At Cornell, similar themes of time passing, loves won and lost and imminent death appear in the comedy drama “Seven Homeless Mammoths Wander New England” by playwright Madeleine George ’96, directed by Samuel Blake. At a small liberal arts college somewhere in New England, Dean Cynthia Wreen (Samantha Noland) must defend the decision to demolish the tired but darling natural history museum on campus to make way for a spa-like dormitory. . As students and townspeople protest, Wreen also faces upheaval at home.
Her new-age lover, Andromedea (Yue Aki Ji), 20 years younger, is among the protesters, and her old friend, the sweetheart of her own youth, philosophy professor Greer (Kit Ellsworth), moved in with them at Wreen’s insistence – Greer being weakened by a relapse of her stage IV breast cancer.
Greer is grounded and sensitive, a touchstone of normalcy. Wreen, consumed by her work, turns into a pragmatic administrator who can justify any collateral damage. (She offers to donate the mammoth skeletons in the museum to local businesses… to display and decorate them.)
Andromeda is pure-hearted but overly childish, enthusiastically sharing spiritual truisms and rituals that older women cannot relate to. (We get the gist; unfortunately, less than half of his quick speeches were decipherable.)
The dean and her young lover are criticized here as types, but we are also asked to invest in them. Another concern is that the script details each encounter to the max, stretching the output to nearly three hours. A wise cut would speed up the pace and leave something to the imagination.

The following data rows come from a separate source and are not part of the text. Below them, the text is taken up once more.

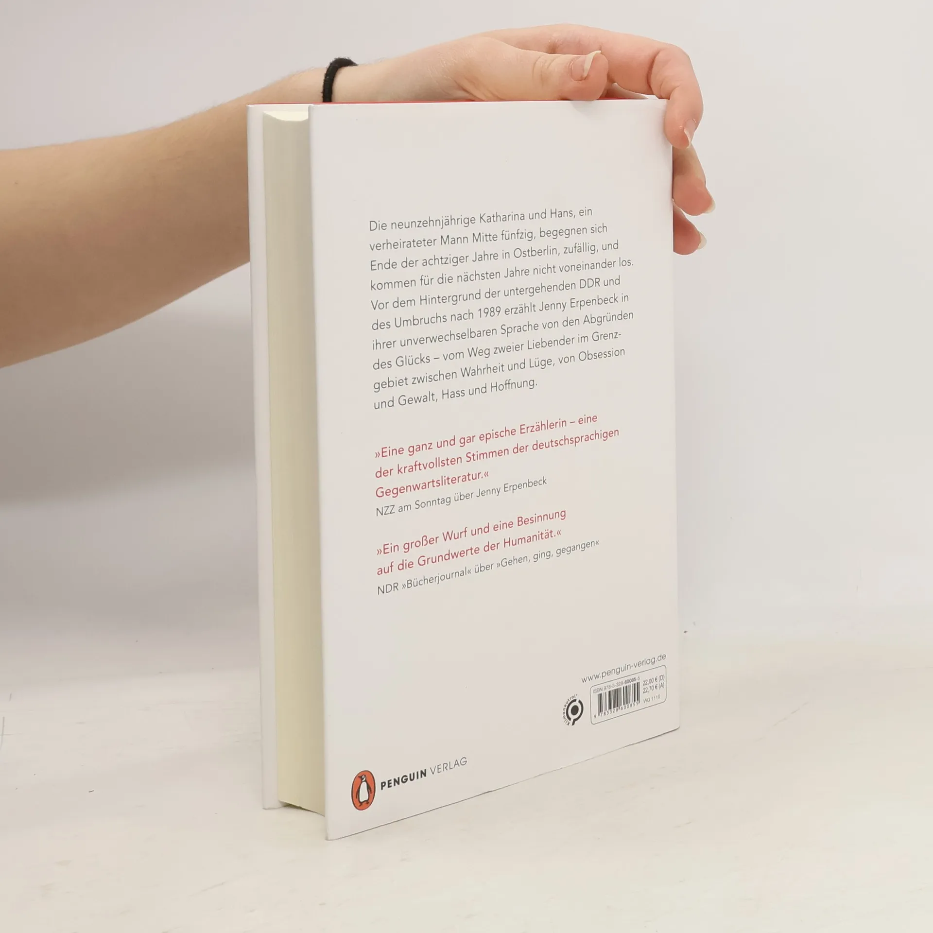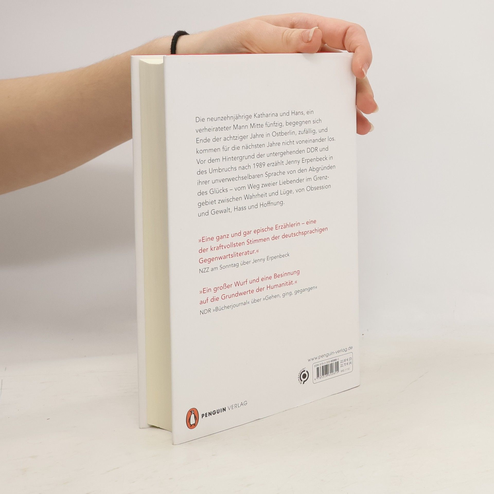 »Eine ganz und gar epische Erzählerin – eine der kraftvollsten Stimmen der deutschsprachigen Gegenwartsliteratur.« NZZ am Sonntag über Jenny Erpenbeck Die neunzehnjährige Katharina und Hans, ein verheirateter Mann Mitte fünfzig, begegnen sich Ende der achtziger Jahre in Ostberlin, zufällig, und kommen für die nächsten Jahre nicht voneinander los. Vor dem Hintergrund der untergehenden DDR und des Umbruchs nach 1989 erzählt Jenny Erpenbeck in ihrer unverwechselbaren Sprache von den Abgründen des Glücks – vom Weg zweier Liebender im Grenzgebiet zwischen Wahrheit und Lüge, von Obsession und Gewalt, Hass und Hoffnung. Alles in ihrem Leben verwandelt sich noch in derselben Sekunde, in der es geschieht, in etwas Verlorenes. Die Grenze ist immer nur ein Augenblick.
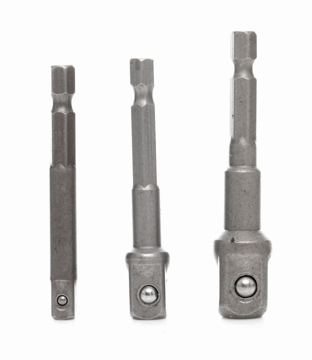 Un set de reduceri specializate și adaptoare pentru șurubelnițe. Reducerile permit șurubelniței să funcționeze cu prize. Elementele setului sunt realizate din oțel de scule, ceea ce garantează durabilitatea și durata lungă de viață a acestora.
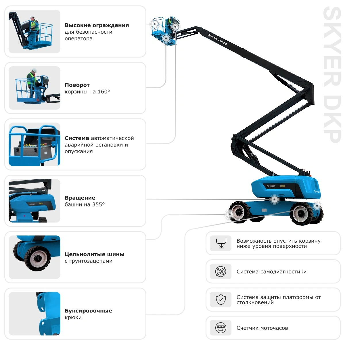 SKYER DKP2723 — идеальное решение для высотных работ на открытых площадках, где от оборудования требуются максимальная автономность и способность обходить препятствия на большой высоте.
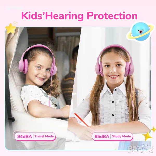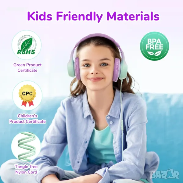 Създадени за деца с мисъл за безопасността, тези слушалки разполагат с ограничение на силата на звука 85/94dBA, за да предпазят слуха, като същевременно осигуряват балансирано качество на звука. Вграденият HD микрофон осигурява ясна комуникация по време на разговори и онлайн класове, докато 40-милиметровите драйвери осигуряват завладяващ Hi-Fi стерео звук с дълбок бас и жизнена яснота. Меките подложки за уши и регулируемата лента за глава осигуряват комфорт през целия ден, а издръжливият, сгъваем дизайн, изработен от подходящи за деца материали, ги прави идеални за ежедневна употреба у дома, в училище или в движение.
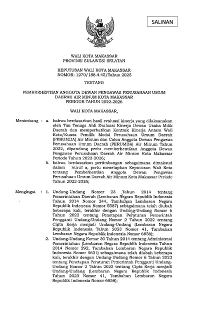 Keputusan Walikota Makassar Nomor 1270/188.4.45/Tahun 2025 Tentang Pemberhentian Anggota Dewan Pengawas Perusahaan Umum Daerah Air Minum Kota .............

The simple setting, by Jason Simms, features an old museum room with a natural history diorama, flanked by display cases featuring random stuffed animals. And it is this space that offers comic relief, which comes in two forms: the old museum keeper (Trence Wilson-Gillem), who darkly reads aloud passages from the local newspaper, and the surreal element of four. first humans in wild skins and wigs, which first appear inside the diorama, then appear elsewhere. They pose motionless, as in a shop window, in the midst of skinned animals or ground corn –– while conversing in contemporary discourse on ordinary concerns, such as relationships and drugs and money.
It’s a fresh and entertaining device in a play exploring, in Andromeda’s words, “alternative kinship structures”.
“Seven Homeless Mammoths Wander New England”, by Madeleine George, directed by Samuel Blake. At Cornell’s Flex Theater, November 19 and 20, 7:30 p.m. Free and open to the public.
Barbara Adams, regional arts journalist, teaches writing at Ithaca College.